Student dance concerts are almost always staged to the unyielding backdrop of recorded music for understandable economic reasons but the lack of living, breathing, energising music is felt. The inaugural collaboration between Sydney City Youth Ballet and the SYO Philharmonia – Sydney Youth Orchestras’ second-most senior orchestra – was therefore an occasion to cheer and with luck it won’t be a one-off.

The Together Live 2017 program was ambitious, featuring two substantial new works, two orchestral numbers and an appearance by guest artists from Queensland Ballet alongside three classical showcases.

Arranged at the back of the stage, the SYO Philharmonic opened with the third movement of Prokofiev’s Symphony No.1 in D Major “Classical”, with Wim Broeckx’s new work Classical Symphony, arranged to Prokofiev, following.

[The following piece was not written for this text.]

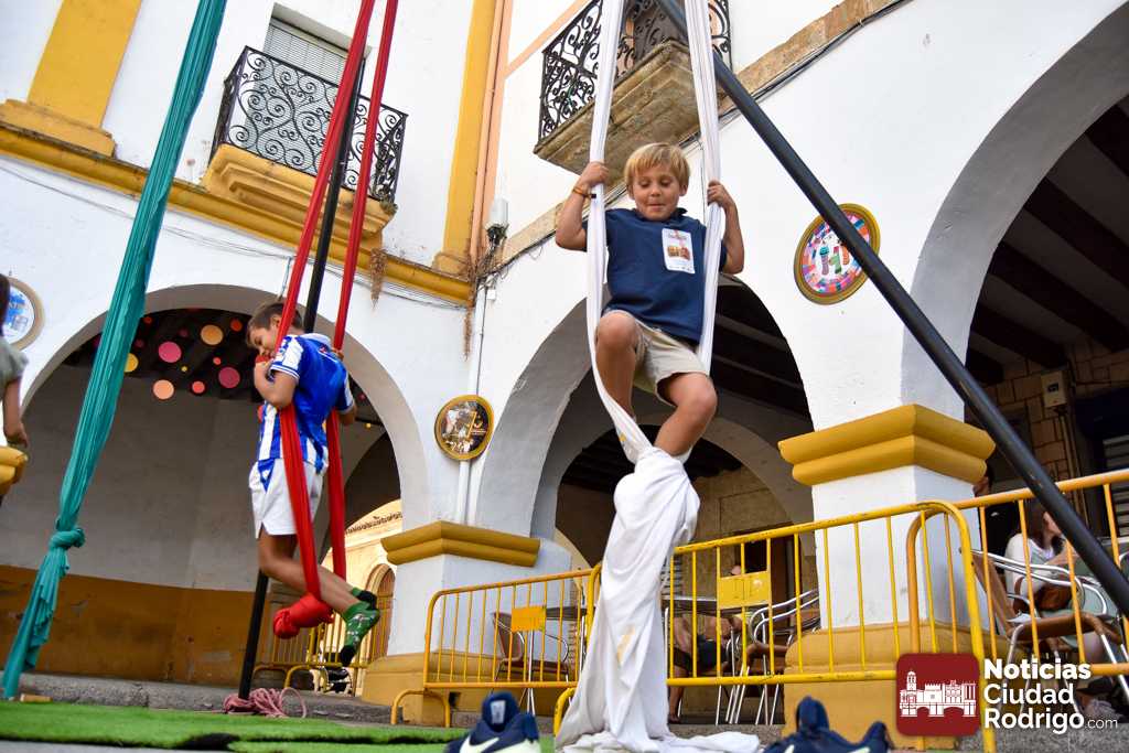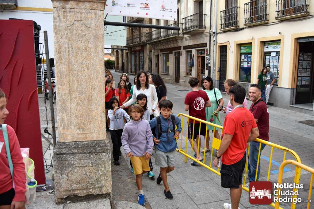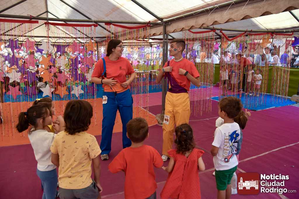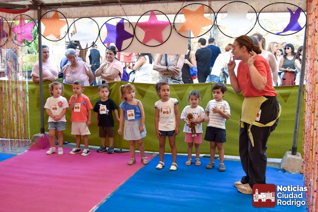 La primera matinal de la Feria de Teatro en Ciudad Rodrigo tenía como gran aliciente el arranque de uno de los eventos más multitudinarios de la misma como es el Divierteatro. Varios centenares de niños y niñas pasaron por la Plaza del Buen Alcalde y por la Plaza del Conde para disfrutar de una jornada con un gran número de actividades, muy llamativas algunas en especial, y que se prolongará en su horario habitual de 10:00 h a 13:00 h en ambos espacios, destinados a diferentes edades.

Broeckx made attractive use of a six-member corps of women, whose entrances, exits and graceful patterns formed an ever-changing backdrop to a series of solos and pas de deux for leading men and women. Alexander Smith, 17, formerly with Sydney’s Tanya Pearson Academy and currently studying in Stuttgart, was a little tested by the fast tempo set by conductor Brian Buggy but showed swift, clean beaten steps.

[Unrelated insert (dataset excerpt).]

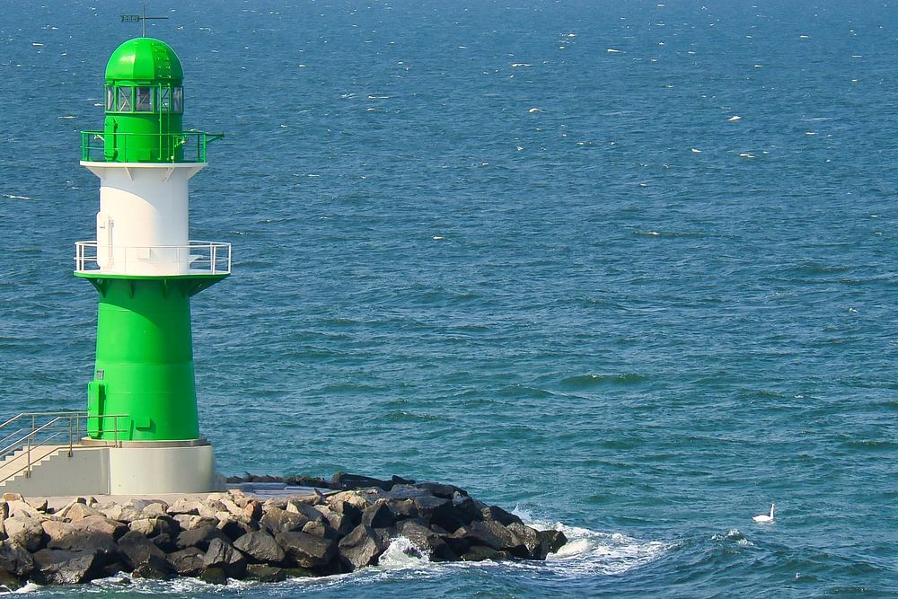 Groene, witte vuurtoren aan de Oostzee. Golven op de stenen rand. Groot signaal

The other premiere was a two-part contemporary piece by Adam Blanch that took the not-unfamiliar theme of environmental degradation and a collapsing society. An atmosphere of unease was well sustained by the choice of music. Blanch used an electronic score by Seymour Milton for part one, Redemption, following with Peter Sculthorpe’s Earth Cry for the second part, The Sky is Falling, in which the SYO Philharmonic had a big success. After a beginning that was perhaps a little too literal in its depiction of isolation, a large group prowled, gathered, dissipated and reformed, each member ferociously committed to the work.

In between those two works there was the chance to see 18-year-old Cameron Holmes tackle the Le Corsaire pas de deux with apparently serene and absolutely justified confidence. Not once but twice he threw in a clean, high-flying 540, that highly acrobatic aerial move borrowed from martial arts that all the men have co-opted these days, or at least those who appear in splashy party pieces such as this. His partner, Audrey Freeman, had poise and maturity well beyond her years. She is only 14 but also emanated sophisticated mystery in Redemption, as did Aaron Matheson.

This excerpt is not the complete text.